(Entries taken from a collection)
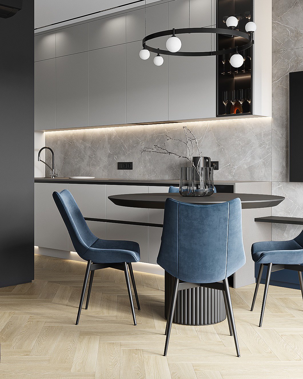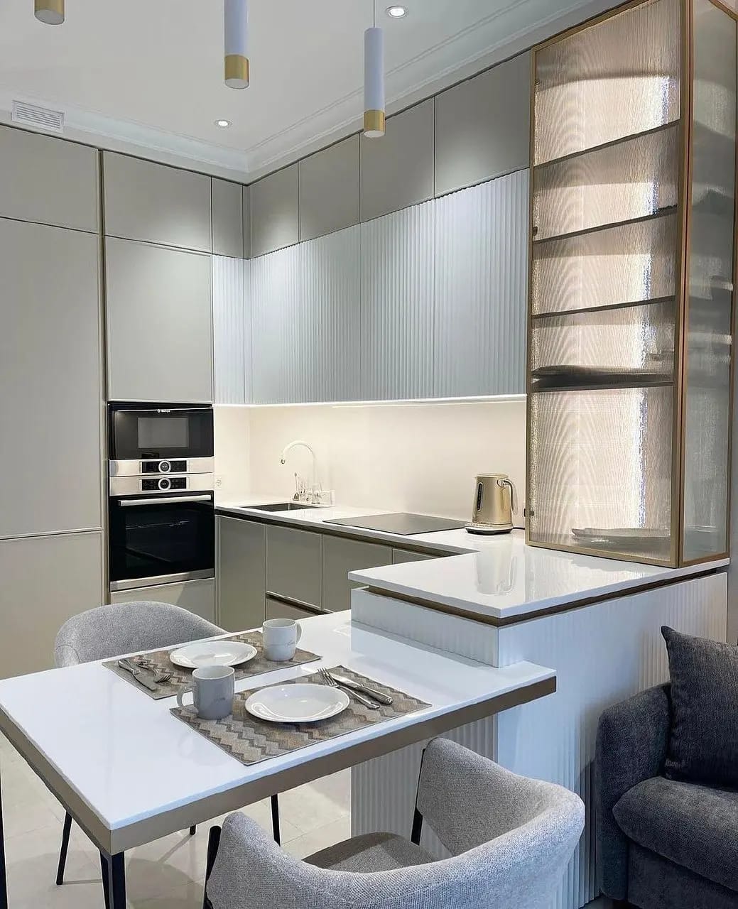 • Угловые и островные планировки.
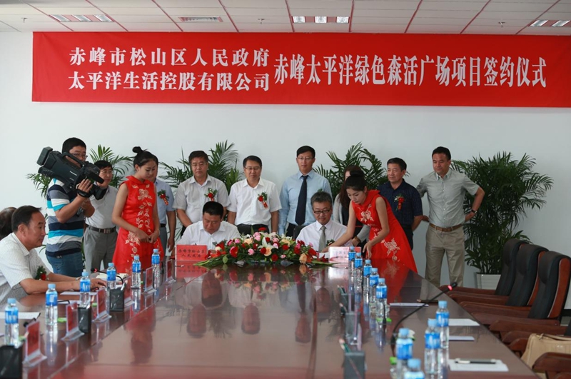 2015年赤峰市松山区政府区长田向存与太平洋生活控股有限公司大陆投资事业处总裁梁晓暄代表双方签约。(图片来源:赤峰市台办)
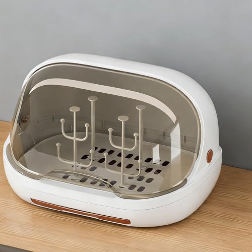 KLWQR Egouttoir Vaisselle sur Evier en Plastique, Egoutoire Vaisselle Cuisine de Comptoir avec 4 Supports, Gain de Place, Couvercle Rabattable à Grande Ouverture(White,30x23x21 cm/12x9x8 in)
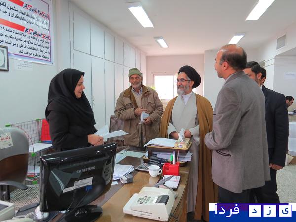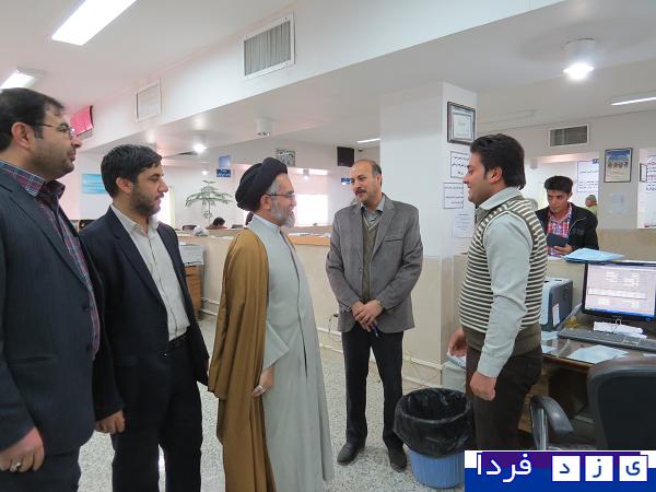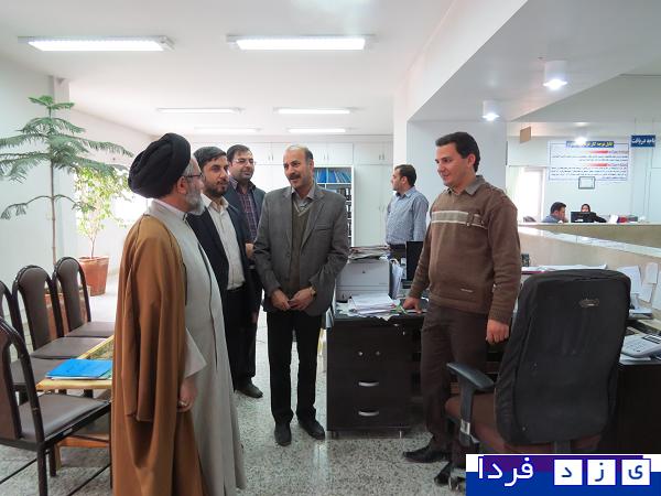 ابرکوه خبرنگار یزد فردا مهدی کارگر"گزارش تصویری دیدارحجت الاسلام والمسلمین سید ابراهیم حسینی امام جمعه ابرکوه به اتفاق سرهنگ ابراهیمی فرمانده ناحیه مقاومت بسیج ابرکوه ، مهندس حاتمی مدیر جهاد کشاورزی ،مهندس آخوندی بخشدار مرکزی ابرکوه با مهندس عباس حمیدی زاده رئیس و کارکنان تامین اجتماعی ابرکوه دیدارو از نزدیک با فعالیتهای تامین اجتماعی شعبه ابرکوه آشنا شدند .
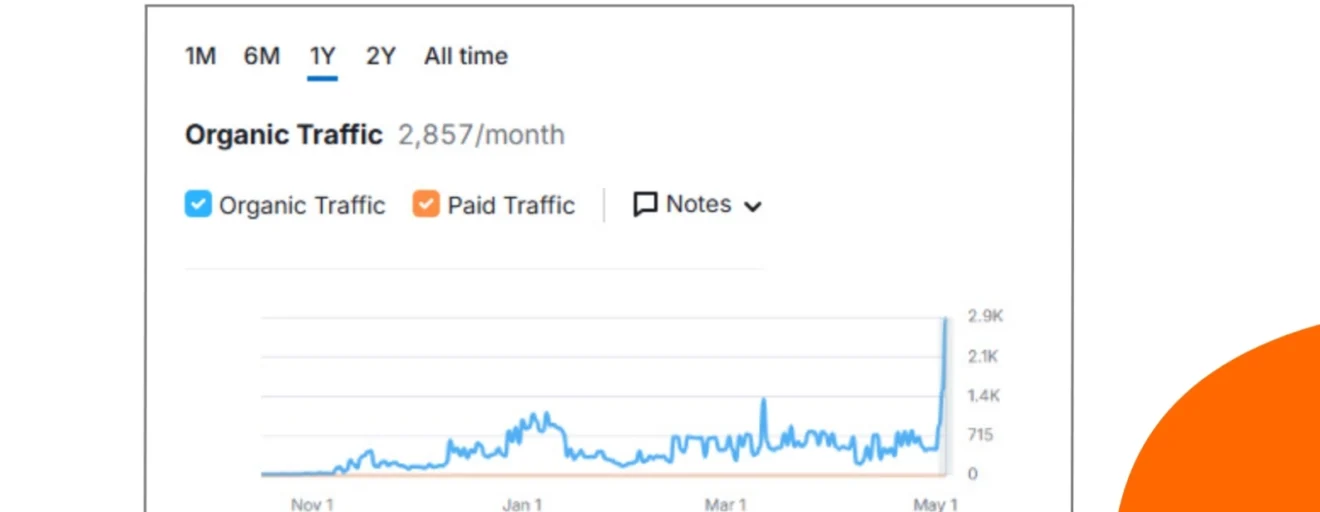 - Current Traffic: 2,857 visitors/month, with a sharp spike in early May.
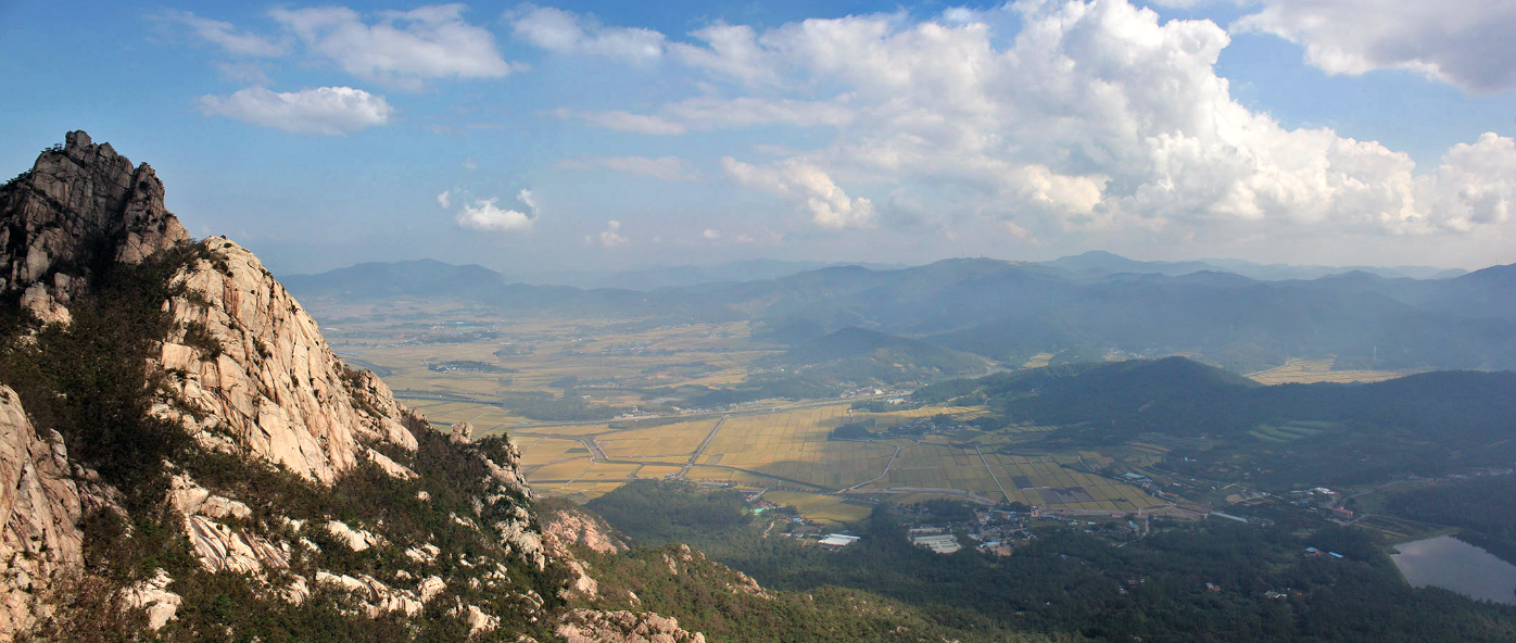Long ago in feudal Japan, groups of aristocrats would have ‘moon-viewing parties’. They would climb towers specifically built for the purpose and gaze at the autumn moon over bowls of saké and the gentle trembling of a zither. The name ‘Wolchulsan’ means ‘moon-rise mountain’, and one can easily understand why this experience of the mountain would take precedence: Wolchulsan bursts from the flatlands like a fortress. There are two main entrances, at Cheonghwangsa and at Dogapsa. The trail between these two is the main route across the park, taking in the main peaks and the cloud bridge. Near Dogapsa, the slopes are gentle and heavily forested, reminiscent of the oceanic undulations of Jirisan. At the Cheonghwangsa entrance, where we began our hike, the slopes are jagged and almost sheer; they are not as massive or impenetrable as Seoraksan, but as I will note many times, it is the juxtaposition between the flat farmland and the sudden, skeletal mountain that is the most striking characteristic of Wolchulsan.
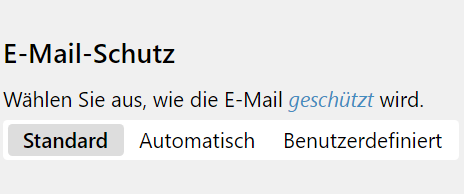 Verschlüsselung und Signatur Bestimmen Sie, ob Sie die E-Mail verschlüsseln und/oder signieren wollen. Standard nutzt die Unternehmenseinstellungen.
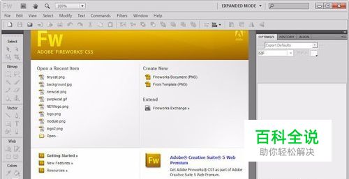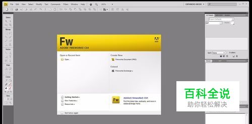 开启fireworks软件之后,我们会进入fireworks的工作页面, fireworks会弹出欢迎页面,在欢迎页面中我们可以进行近期文件的开启或者文件新建。
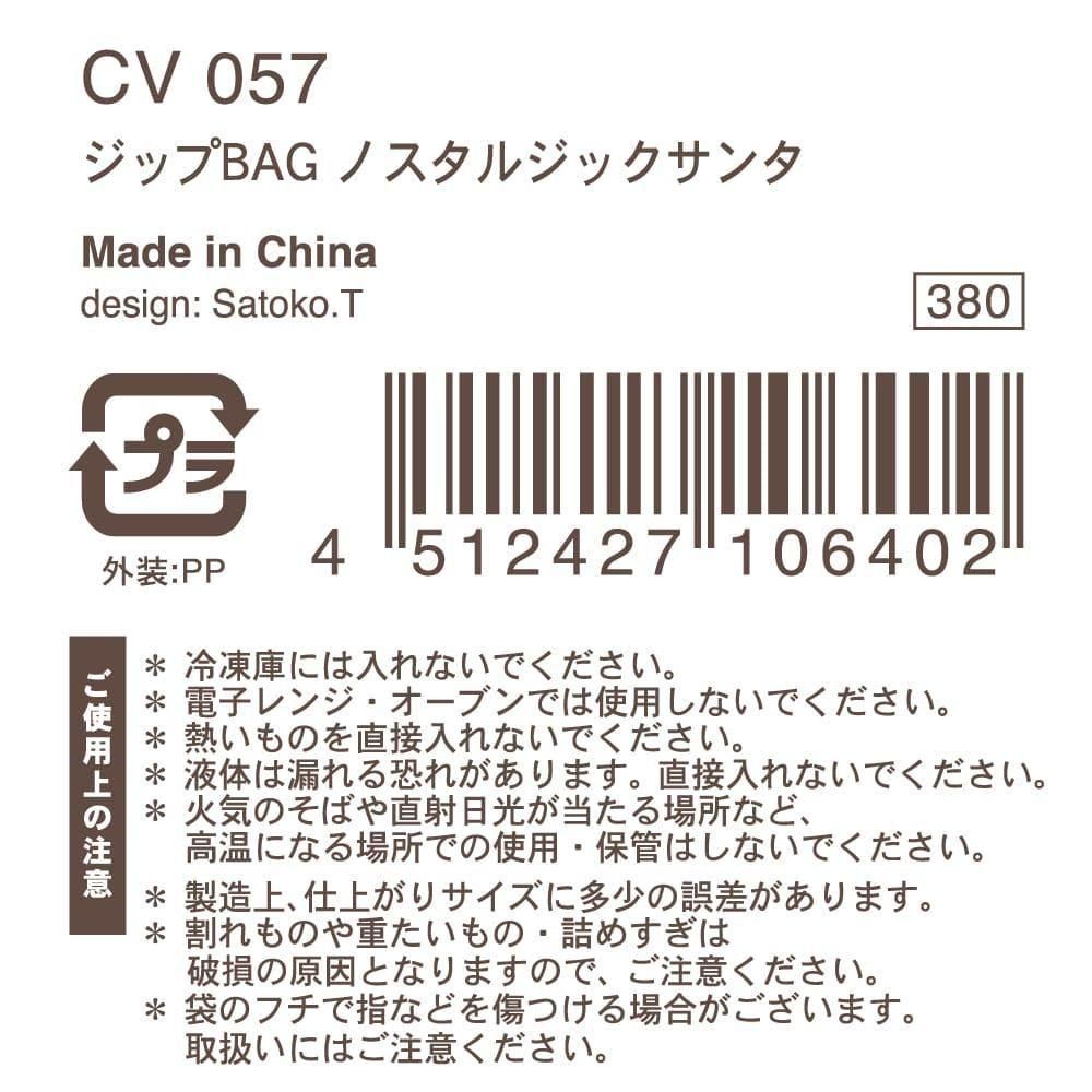クリスマスらしい靴下型の、持ち手付き・底マチ付きジッパーバッグです。

▶ [Work instruction]:
Up to and including the line containing "2015年赤峰市松山区政府区", quote each line of the entries above from the very first, please, exactly and without images.

▶ [Task response]:
 • Угловые и островные планировки.
 2015年赤峰市松山区政府区长田向存与太平洋生活控股有限公司大陆投资事业处总裁梁晓暄代表双方签约。(图片来源:赤峰市台办)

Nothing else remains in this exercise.